▸ Task description: Please transcribe exactly the lines from the first line of the records below through the line containing "9、更符合客户需求的户型(106-147平三房四房),超大阳台、三开间朝南", including both, and omit all pictures.

Items listed in a dataset:

═══

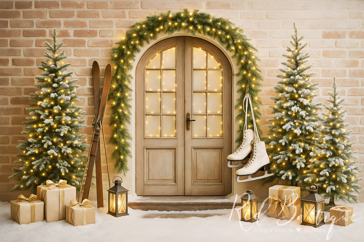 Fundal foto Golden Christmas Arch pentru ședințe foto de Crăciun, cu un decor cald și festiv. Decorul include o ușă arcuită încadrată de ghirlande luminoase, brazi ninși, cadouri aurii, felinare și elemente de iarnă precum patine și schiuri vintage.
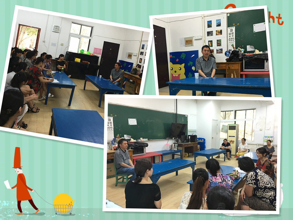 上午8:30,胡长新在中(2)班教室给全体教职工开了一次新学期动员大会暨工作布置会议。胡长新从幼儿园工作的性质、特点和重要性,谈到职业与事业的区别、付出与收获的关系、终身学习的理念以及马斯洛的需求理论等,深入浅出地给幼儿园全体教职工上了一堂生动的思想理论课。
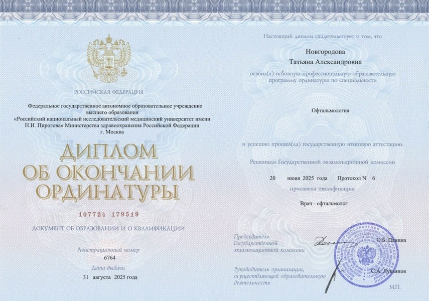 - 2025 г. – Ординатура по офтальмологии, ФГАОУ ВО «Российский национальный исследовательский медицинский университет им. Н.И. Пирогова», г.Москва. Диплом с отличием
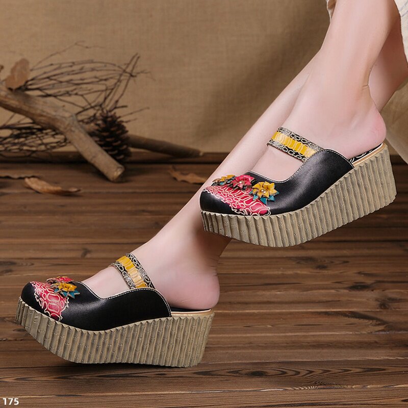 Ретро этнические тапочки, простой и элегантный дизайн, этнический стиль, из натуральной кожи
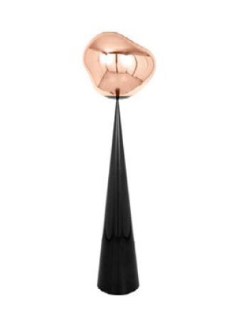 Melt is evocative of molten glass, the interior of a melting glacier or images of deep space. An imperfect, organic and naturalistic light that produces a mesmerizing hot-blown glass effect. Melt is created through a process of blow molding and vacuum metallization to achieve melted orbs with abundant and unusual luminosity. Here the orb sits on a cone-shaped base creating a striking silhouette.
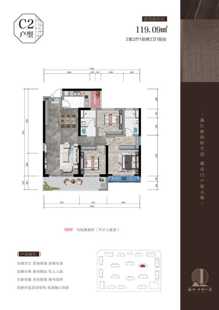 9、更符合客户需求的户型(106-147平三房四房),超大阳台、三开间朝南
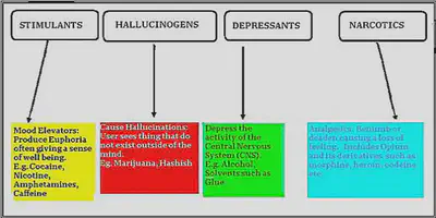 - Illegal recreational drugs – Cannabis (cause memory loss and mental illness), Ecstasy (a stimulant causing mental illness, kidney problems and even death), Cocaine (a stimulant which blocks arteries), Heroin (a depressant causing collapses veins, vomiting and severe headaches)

═══

▸ Completed task:
 Fundal foto Golden Christmas Arch pentru ședințe foto de Crăciun, cu un decor cald și festiv. Decorul include o ușă arcuită încadrată de ghirlande luminoase, brazi ninși, cadouri aurii, felinare și elemente de iarnă precum patine și schiuri vintage.
 上午8:30,胡长新在中(2)班教室给全体教职工开了一次新学期动员大会暨工作布置会议。胡长新从幼儿园工作的性质、特点和重要性,谈到职业与事业的区别、付出与收获的关系、终身学习的理念以及马斯洛的需求理论等,深入浅出地给幼儿园全体教职工上了一堂生动的思想理论课。
 - 2025 г. – Ординатура по офтальмологии, ФГАОУ ВО «Российский национальный исследовательский медицинский университет им. Н.И. Пирогова», г.Москва. Диплом с отличием
 Ретро этнические тапочки, простой и элегантный дизайн, этнический стиль, из натуральной кожи
 Melt is evocative of molten glass, the interior of a melting glacier or images of deep space. An imperfect, organic and naturalistic light that produces a mesmerizing hot-blown glass effect. Melt is created through a process of blow molding and vacuum metallization to achieve melted orbs with abundant and unusual luminosity. Here the orb sits on a cone-shaped base creating a striking silhouette.
 9、更符合客户需求的户型(106-147平三房四房),超大阳台、三开间朝南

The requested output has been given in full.